● **Records drawn from a dataset**:
##########
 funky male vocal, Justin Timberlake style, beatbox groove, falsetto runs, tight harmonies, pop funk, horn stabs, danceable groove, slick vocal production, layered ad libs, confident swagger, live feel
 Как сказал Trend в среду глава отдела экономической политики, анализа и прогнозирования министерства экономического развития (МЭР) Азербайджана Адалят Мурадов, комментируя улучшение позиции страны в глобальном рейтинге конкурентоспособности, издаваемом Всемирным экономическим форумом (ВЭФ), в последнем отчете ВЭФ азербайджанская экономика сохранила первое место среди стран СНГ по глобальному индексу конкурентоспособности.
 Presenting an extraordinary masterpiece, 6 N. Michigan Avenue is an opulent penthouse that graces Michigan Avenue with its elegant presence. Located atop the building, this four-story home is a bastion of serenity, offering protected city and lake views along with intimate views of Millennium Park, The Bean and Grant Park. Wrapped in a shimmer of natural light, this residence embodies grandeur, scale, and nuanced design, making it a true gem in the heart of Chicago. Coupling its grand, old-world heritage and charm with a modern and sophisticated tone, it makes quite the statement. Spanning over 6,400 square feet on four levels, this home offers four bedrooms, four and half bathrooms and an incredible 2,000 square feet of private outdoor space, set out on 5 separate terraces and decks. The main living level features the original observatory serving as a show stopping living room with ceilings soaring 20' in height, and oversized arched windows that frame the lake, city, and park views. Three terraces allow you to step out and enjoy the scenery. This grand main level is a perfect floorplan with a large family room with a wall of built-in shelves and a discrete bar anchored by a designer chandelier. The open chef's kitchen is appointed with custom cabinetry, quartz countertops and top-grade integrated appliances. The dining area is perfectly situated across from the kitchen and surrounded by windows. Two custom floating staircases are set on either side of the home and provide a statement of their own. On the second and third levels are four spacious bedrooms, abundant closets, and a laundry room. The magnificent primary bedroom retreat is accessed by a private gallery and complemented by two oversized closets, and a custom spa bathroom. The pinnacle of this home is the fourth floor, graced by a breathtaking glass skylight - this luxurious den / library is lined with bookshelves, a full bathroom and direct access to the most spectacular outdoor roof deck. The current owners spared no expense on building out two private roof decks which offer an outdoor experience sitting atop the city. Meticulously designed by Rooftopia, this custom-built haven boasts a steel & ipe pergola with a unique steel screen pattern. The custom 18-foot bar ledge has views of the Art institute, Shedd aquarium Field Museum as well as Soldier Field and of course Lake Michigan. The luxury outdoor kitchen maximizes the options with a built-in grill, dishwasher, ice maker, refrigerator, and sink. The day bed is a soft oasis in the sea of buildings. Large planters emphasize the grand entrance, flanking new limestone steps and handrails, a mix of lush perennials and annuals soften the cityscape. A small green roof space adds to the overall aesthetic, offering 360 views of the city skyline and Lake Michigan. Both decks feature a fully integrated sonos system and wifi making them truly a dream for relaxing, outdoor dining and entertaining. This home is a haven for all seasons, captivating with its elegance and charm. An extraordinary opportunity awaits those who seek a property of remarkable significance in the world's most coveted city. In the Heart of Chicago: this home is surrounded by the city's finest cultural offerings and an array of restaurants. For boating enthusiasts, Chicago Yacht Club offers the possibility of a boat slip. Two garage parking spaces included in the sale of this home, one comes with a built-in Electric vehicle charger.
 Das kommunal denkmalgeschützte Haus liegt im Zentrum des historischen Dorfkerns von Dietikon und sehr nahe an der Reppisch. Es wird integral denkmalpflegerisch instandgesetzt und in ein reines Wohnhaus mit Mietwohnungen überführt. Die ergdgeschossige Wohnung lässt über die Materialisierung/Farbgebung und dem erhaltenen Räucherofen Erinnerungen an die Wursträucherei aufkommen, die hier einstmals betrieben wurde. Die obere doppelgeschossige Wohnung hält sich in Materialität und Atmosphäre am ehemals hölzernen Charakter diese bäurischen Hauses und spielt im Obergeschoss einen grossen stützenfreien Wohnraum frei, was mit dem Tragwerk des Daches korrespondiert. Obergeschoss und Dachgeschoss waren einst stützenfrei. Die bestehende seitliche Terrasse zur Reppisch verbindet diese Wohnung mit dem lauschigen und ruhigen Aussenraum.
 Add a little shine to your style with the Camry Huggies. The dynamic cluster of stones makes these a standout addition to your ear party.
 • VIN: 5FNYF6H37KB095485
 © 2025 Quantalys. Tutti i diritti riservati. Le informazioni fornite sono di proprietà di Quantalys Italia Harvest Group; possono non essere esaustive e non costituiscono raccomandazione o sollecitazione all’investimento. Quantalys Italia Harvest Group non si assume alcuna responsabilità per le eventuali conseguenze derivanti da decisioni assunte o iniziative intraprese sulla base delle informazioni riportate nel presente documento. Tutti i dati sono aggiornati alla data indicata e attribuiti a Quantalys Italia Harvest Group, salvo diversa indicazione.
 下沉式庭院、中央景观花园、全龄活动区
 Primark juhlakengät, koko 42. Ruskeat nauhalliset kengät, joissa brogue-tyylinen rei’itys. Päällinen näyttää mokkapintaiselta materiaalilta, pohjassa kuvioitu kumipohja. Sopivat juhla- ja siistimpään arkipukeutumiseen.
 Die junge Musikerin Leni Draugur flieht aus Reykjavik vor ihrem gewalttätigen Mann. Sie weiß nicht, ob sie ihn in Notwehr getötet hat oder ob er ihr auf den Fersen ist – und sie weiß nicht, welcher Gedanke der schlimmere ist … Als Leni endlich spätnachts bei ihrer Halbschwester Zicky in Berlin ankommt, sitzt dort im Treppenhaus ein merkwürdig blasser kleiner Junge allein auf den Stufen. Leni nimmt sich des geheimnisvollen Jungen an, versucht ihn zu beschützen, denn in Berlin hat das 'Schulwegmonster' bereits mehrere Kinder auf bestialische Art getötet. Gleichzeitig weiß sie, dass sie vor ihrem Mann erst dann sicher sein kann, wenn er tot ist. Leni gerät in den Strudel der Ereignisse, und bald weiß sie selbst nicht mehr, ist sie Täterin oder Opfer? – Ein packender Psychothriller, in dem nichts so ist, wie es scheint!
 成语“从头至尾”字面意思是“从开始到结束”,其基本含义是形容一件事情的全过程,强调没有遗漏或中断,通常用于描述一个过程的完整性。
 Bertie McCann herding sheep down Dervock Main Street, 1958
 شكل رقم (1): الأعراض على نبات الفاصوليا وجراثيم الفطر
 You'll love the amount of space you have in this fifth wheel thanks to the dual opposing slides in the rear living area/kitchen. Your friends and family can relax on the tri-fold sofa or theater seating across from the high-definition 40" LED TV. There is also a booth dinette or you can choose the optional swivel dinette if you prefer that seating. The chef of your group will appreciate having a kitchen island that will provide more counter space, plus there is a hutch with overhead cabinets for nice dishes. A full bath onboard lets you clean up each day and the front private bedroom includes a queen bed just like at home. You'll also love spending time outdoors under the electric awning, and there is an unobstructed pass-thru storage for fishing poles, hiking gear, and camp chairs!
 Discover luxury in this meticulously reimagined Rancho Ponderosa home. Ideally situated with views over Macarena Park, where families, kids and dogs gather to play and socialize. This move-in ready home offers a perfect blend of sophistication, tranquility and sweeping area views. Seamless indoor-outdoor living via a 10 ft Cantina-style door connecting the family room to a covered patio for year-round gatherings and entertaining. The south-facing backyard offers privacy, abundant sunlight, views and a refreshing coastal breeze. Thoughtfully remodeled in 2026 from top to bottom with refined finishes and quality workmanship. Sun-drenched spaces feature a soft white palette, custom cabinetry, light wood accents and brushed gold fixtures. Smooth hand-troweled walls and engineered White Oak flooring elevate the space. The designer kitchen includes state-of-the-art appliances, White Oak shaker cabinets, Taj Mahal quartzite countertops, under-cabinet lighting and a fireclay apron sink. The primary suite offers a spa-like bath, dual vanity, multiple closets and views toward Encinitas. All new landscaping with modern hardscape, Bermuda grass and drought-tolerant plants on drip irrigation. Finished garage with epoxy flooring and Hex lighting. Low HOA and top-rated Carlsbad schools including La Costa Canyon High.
##########
● **Try it**:
With the line that has "下沉式庭院、中央景观花园、全龄活动区" as the first and the line that has "Primark juhlakengät, koko" as the last, repeat exactly that run of lines above and no more.

● **Solution to the exercise**:
 下沉式庭院、中央景观花园、全龄活动区
 Primark juhlakengät, koko 42. Ruskeat nauhalliset kengät, joissa brogue-tyylinen rei’itys. Päällinen näyttää mokkapintaiselta materiaalilta, pohjassa kuvioitu kumipohja. Sopivat juhla- ja siistimpään arkipukeutumiseen.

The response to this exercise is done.